[WORK ORDER]
In the records below, begin at the line containing "- Двупольная огнеупорная" and end at the line containing "2.根据申请事项,点击相应图标→发起申请→填写内容→提交"; quote every line in that span exactly, including both boundary lines, and no others.

[EXERCISE DATA]
*** Block opens ***
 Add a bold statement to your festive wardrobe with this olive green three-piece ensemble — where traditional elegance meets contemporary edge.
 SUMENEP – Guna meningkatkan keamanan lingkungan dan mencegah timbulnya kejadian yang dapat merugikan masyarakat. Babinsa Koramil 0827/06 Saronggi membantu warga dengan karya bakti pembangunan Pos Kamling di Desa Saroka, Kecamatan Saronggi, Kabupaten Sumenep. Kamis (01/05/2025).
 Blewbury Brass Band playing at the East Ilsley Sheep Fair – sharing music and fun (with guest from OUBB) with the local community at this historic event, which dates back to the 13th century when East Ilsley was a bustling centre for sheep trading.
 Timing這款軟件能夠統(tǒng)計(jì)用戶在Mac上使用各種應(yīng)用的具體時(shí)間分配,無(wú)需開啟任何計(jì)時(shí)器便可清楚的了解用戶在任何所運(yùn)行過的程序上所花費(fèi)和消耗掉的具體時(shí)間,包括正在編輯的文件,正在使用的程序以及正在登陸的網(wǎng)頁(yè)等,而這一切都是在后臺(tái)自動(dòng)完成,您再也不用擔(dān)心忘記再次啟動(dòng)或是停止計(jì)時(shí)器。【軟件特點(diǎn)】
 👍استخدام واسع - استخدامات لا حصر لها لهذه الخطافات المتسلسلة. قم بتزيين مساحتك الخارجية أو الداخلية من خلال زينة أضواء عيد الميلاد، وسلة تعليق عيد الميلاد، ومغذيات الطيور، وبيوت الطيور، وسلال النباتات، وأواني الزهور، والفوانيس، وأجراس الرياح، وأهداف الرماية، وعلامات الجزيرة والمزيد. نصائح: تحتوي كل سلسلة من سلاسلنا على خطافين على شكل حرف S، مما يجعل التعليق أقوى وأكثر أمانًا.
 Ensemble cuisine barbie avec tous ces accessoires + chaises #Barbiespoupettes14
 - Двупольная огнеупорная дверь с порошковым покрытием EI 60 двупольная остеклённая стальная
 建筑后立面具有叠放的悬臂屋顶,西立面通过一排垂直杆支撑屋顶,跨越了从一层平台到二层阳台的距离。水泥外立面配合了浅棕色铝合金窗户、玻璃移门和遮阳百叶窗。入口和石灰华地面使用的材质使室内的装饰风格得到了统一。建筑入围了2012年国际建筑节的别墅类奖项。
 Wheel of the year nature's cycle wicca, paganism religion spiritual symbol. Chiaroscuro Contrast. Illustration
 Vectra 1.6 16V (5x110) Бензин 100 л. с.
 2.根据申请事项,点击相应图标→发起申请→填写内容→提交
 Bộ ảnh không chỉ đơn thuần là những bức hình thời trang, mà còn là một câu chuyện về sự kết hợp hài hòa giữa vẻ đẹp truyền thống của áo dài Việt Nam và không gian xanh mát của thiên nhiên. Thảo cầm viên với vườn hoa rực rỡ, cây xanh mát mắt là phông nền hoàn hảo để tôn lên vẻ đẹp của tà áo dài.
*** Block closes ***
[TASK ANSWER]
 - Двупольная огнеупорная дверь с порошковым покрытием EI 60 двупольная остеклённая стальная
 建筑后立面具有叠放的悬臂屋顶,西立面通过一排垂直杆支撑屋顶,跨越了从一层平台到二层阳台的距离。水泥外立面配合了浅棕色铝合金窗户、玻璃移门和遮阳百叶窗。入口和石灰华地面使用的材质使室内的装饰风格得到了统一。建筑入围了2012年国际建筑节的别墅类奖项。
 Wheel of the year nature's cycle wicca, paganism religion spiritual symbol. Chiaroscuro Contrast. Illustration
 Vectra 1.6 16V (5x110) Бензин 100 л. с.
 2.根据申请事项,点击相应图标→发起申请→填写内容→提交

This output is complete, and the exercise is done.